__Exercise directions__
Print, word for word, the line containing "But the multitude" and all lines beneath it to the end of the entries below. Pictures do not belong in the copy.

__Extracted information__
Segment Open

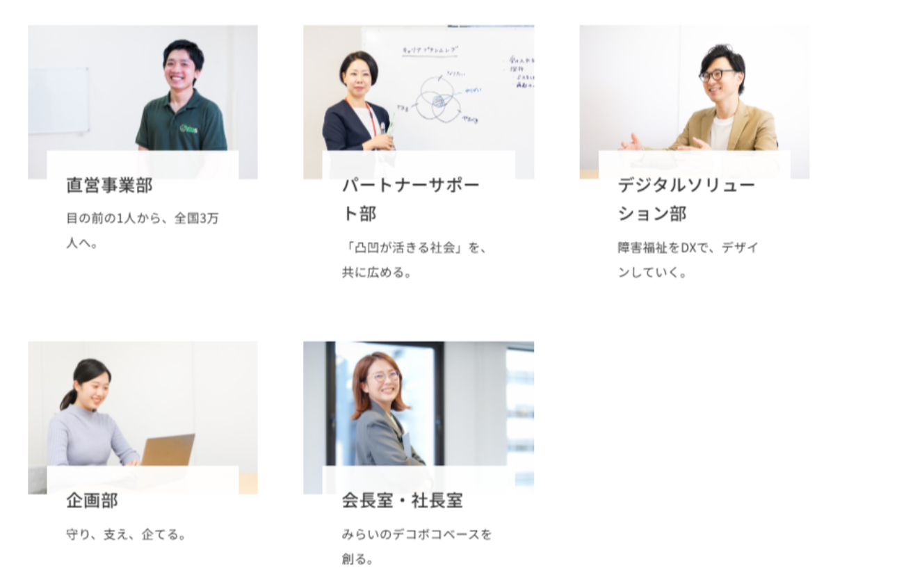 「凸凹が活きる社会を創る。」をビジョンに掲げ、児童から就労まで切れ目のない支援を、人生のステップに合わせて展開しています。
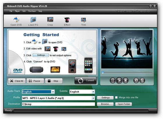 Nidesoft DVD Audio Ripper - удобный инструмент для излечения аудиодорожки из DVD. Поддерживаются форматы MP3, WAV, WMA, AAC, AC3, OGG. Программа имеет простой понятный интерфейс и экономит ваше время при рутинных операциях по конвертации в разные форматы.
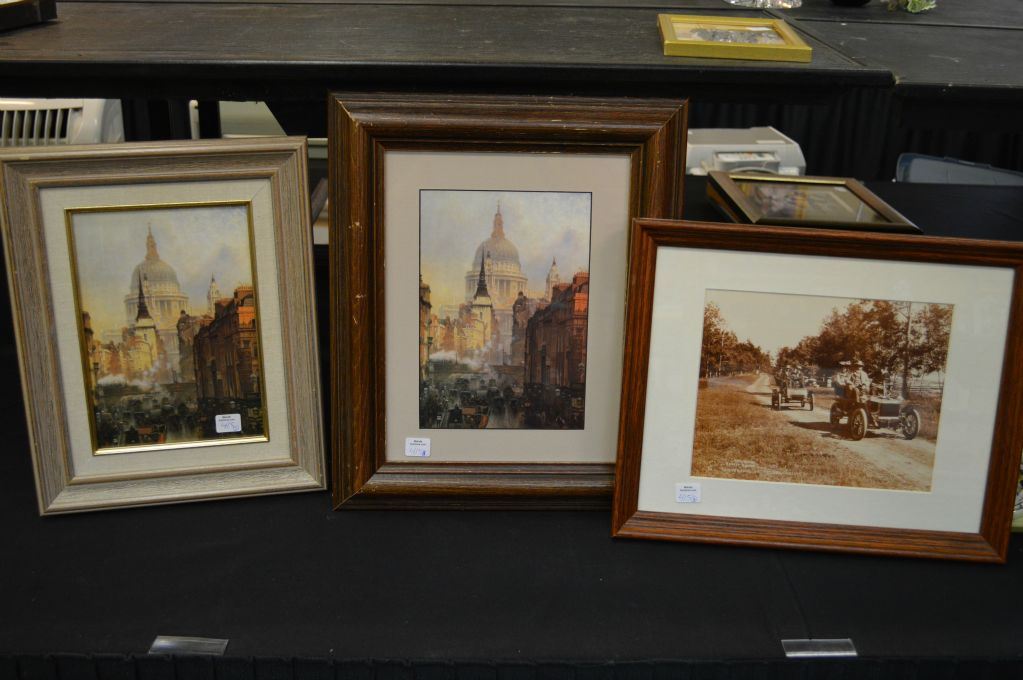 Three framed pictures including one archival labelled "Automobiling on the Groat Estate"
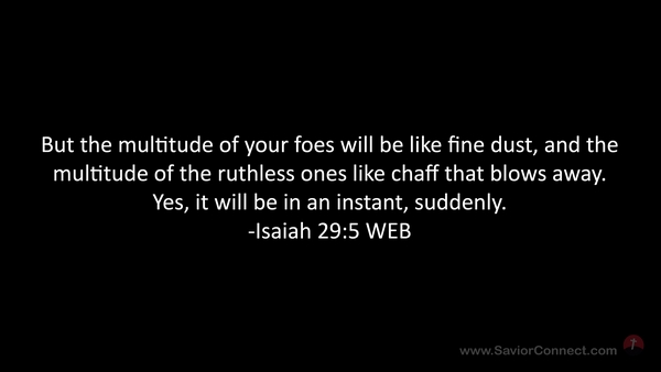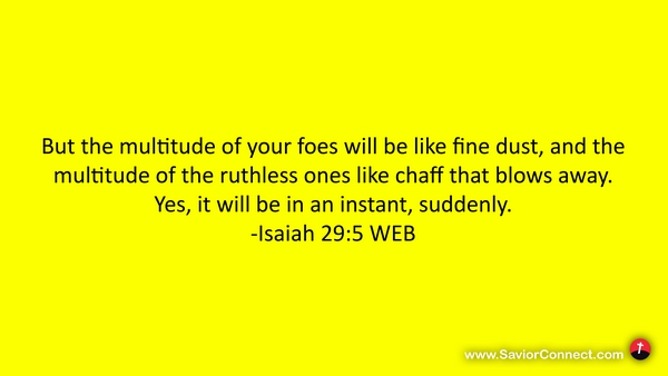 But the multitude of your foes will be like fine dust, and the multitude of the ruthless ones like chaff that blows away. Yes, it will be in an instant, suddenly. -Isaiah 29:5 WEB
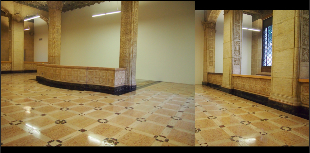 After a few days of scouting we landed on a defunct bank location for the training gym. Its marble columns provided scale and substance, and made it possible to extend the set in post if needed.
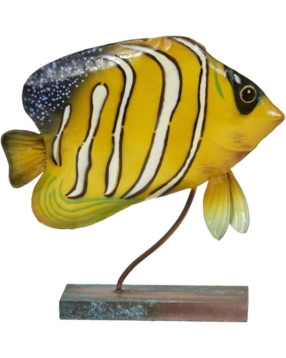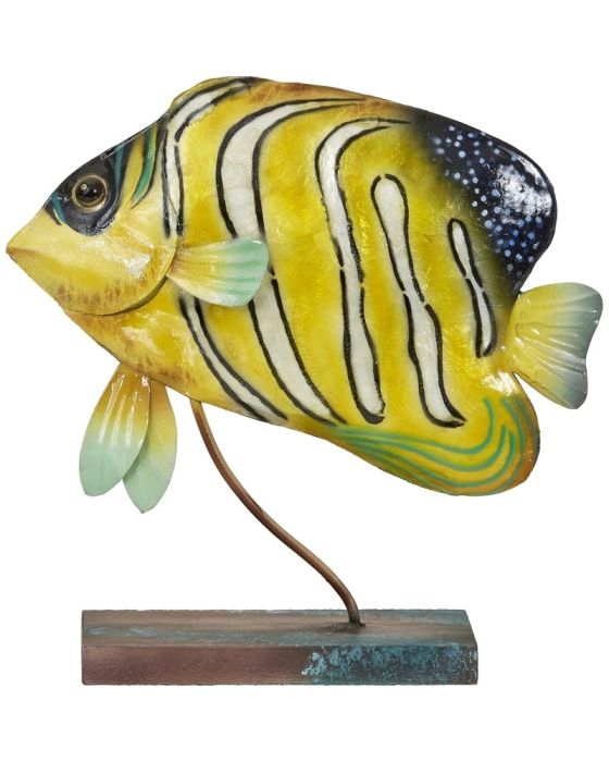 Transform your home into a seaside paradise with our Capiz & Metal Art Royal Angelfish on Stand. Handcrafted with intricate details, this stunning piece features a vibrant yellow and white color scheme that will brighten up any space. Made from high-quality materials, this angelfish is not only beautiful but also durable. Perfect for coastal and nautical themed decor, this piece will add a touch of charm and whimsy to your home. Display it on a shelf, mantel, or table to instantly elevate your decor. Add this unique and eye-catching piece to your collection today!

Segment Closed

__Response__
 But the multitude of your foes will be like fine dust, and the multitude of the ruthless ones like chaff that blows away. Yes, it will be in an instant, suddenly. -Isaiah 29:5 WEB
 After a few days of scouting we landed on a defunct bank location for the training gym. Its marble columns provided scale and substance, and made it possible to extend the set in post if needed.
 Transform your home into a seaside paradise with our Capiz & Metal Art Royal Angelfish on Stand. Handcrafted with intricate details, this stunning piece features a vibrant yellow and white color scheme that will brighten up any space. Made from high-quality materials, this angelfish is not only beautiful but also durable. Perfect for coastal and nautical themed decor, this piece will add a touch of charm and whimsy to your home. Display it on a shelf, mantel, or table to instantly elevate your decor. Add this unique and eye-catching piece to your collection today!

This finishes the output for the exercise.